MORE RELEVANT NOW THAN EVER
Since September 11, the book s lessons have been misconstrued by some but have proven indispensable to those trying to truly understand the roots of the major political conflicts of our time. Patai s sympathetic but critical depiction of Arab culture explores the continuing role of the Bedouin values of honor and courage in modern Arab culture, inter-Arab conflict and the aspiration toward unity, and how anti-Western attitudes conflated with anti-modernization have led to stagnation in much of the Arab world.
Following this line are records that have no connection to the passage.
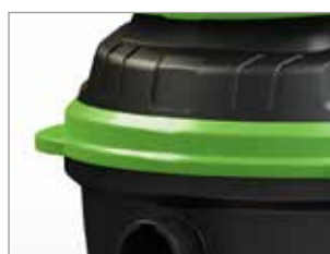
PROTECCIÓN LATERAL PARA PUERTAS Y PAREDES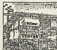
Nuestra oficina de Información y ventas en Valterna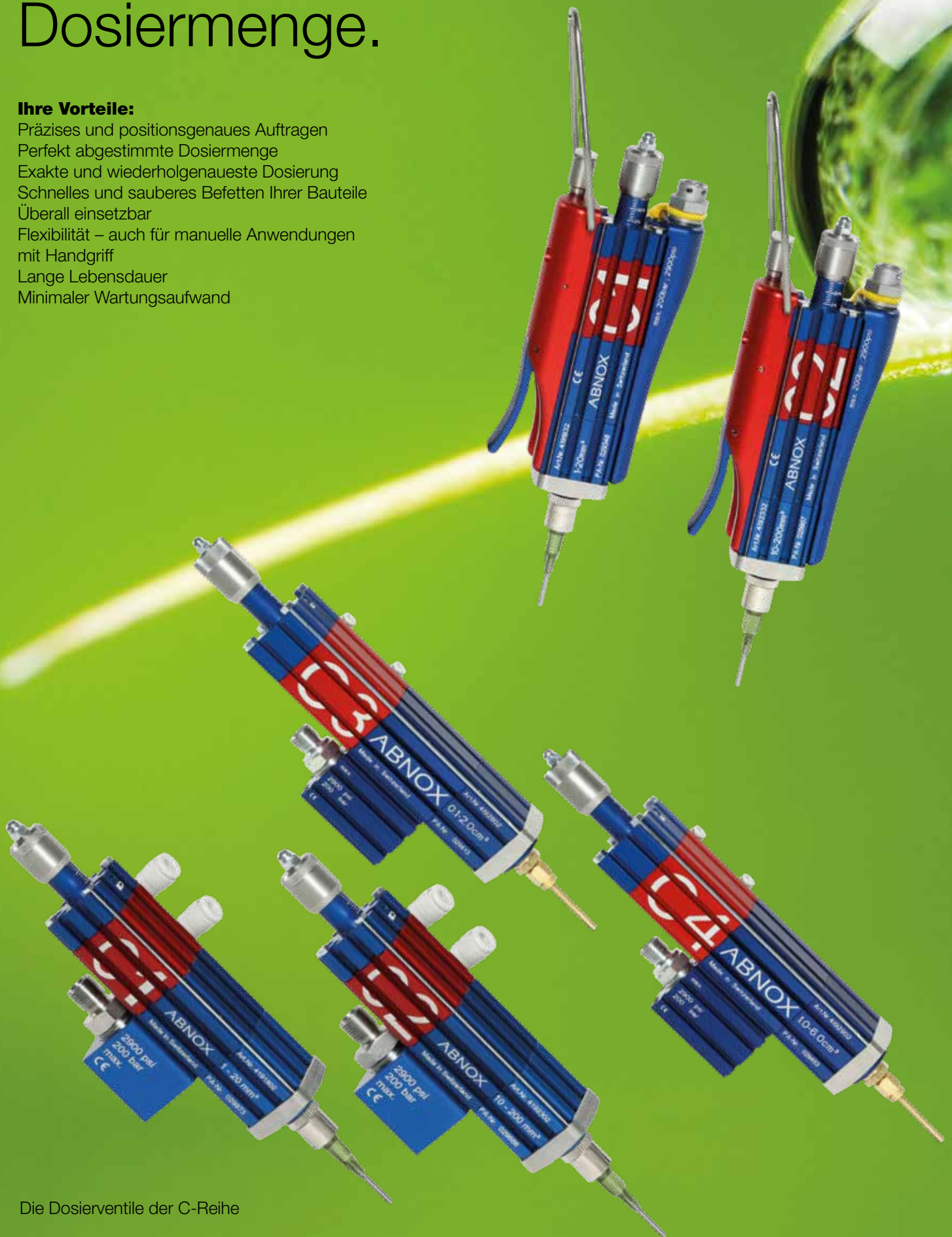
Die Dosierventile der C-Reihe

Präzises und positionsgenaues Auftragen Perfekt abgestimmte Dosiermenge Exakte und wiederholgenaueste Dosierung Schnelles und sauberes Befetten Ihrer Bauteile Überall einsetzbar Flexibilität – auch für manuelle Anwendungen mit Handgriff Lange Lebensdauer Minimaler Wartungsaufwand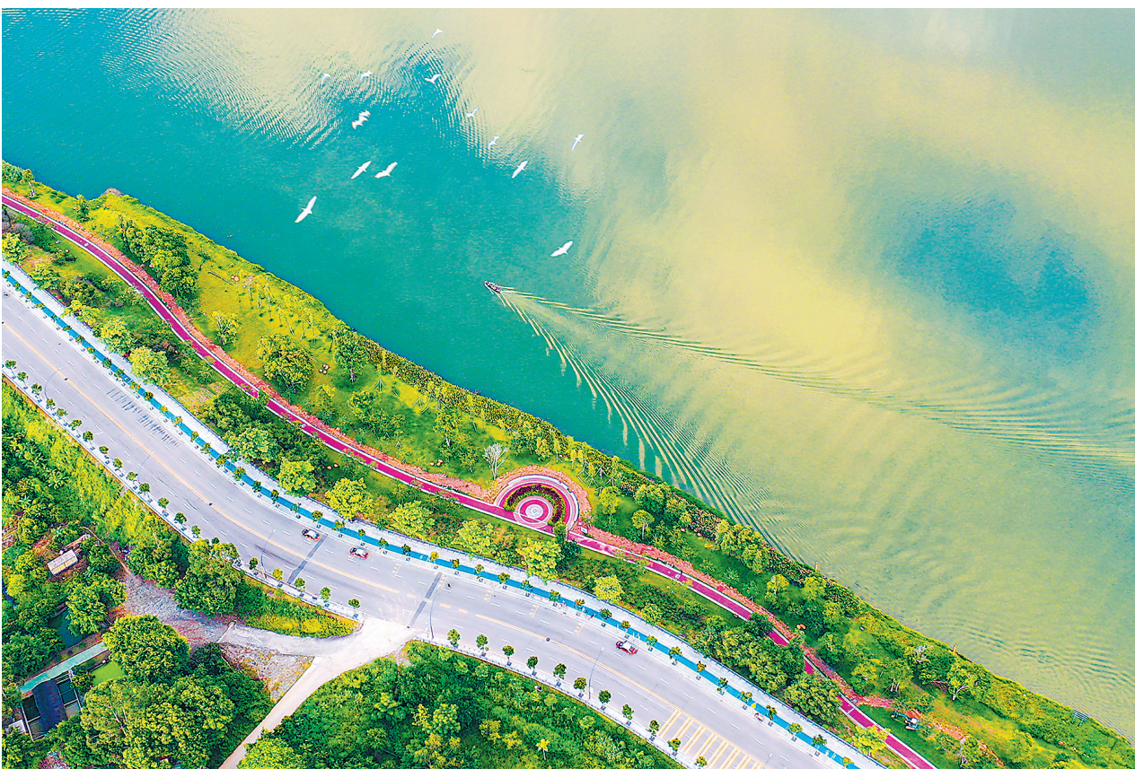
▲广州增江画廊碧道

站在“十四五”规划的关键节点上,绿意盎然的“花城”广州,必将在绿色发展的康庄大道上稳步前行、行稳致远,以坚定的步伐奋力书写人与自然和谐共生的崭新篇章,向着更加美好的未来阔步迈进。

DRAWS ON A LIFETIME OF EXPERTISE
Patai, a prominent anthropologist and historian, drew on both his research and his personal experience to produce this indispensable work in the field of Middle Eastern studies. With an updated foreword by Norvell B. DeAtkine, former director of Middle East Studies at the JFK Special Warfare School, The Arab Mind remains a relevant and crucial masterpiece of scholarship for anyone seeking to understand this multifaceted culture today.

The Arab Mind

5 COMMENTS

  1. If you are looking for the origin of Neo-Conservative thinking (and behavior) in America, then look no further! Just as his present day disciples did with Iraq’s WMD fiction, the late Mr. Patai was at pains collecting fictitious stories to forcefully prove his politically-motivated theory about Arabs: a doomed people obsessed by yack, sex & oppression. Wondering were torture techniques in Abu Ghraib & Gtmo came from?!
    Rating: 1 / 5

  2. You’ve got to be kidding: an East European Jewish writer opining about the Arab Mind and Americans. I feel the urge to write a tome about the Chinese mind as it applies to South Koreans.
    Rating: 1 / 5

  3. Anthropologically speaking, Raphael Patai – born Ervin Gyorgy Patai (in Budapest, Hungary, in 1910; son of well known Zionist Joszef Patai) – is not a Westerner as the book might lead us to believe. Why would a Hungarian-Jewish ethnographer compare Arabs to Westerners instead of his own tribe is a puzzle that no one could resolve – pretty much like when Bernard Lewis, and a bunch of other Orientalists, compare Islam to the Western Civilization instead of their own. To be sure, Ervin Gyorgy Patai does well sticking paragraphs one to the other and twisting them to his liking; he would have done so poorly had he tried some empirical work: cutting-edge statistical analysis with solid theorizing. Let us not forget that anthropology is not a science – it was created primarily for the purpose Ervin Gyorgy uses it: to profile people he despises in the way he wishes. To cut the story short: a Westerner would have never written a silly book of this type; after all, the Westerner is a rational living, one with a beautiful mind, and so empirically fascinating…
    Rating: 1 / 5

  4. the author claims to work on a scientific basis, but he only makes use of hypotheses and subjective interpretation. Even more important is that he hasn’t taken into account that there is a difference between a religion and a race. he parts the semitic race into the arabic people and the jewish religion.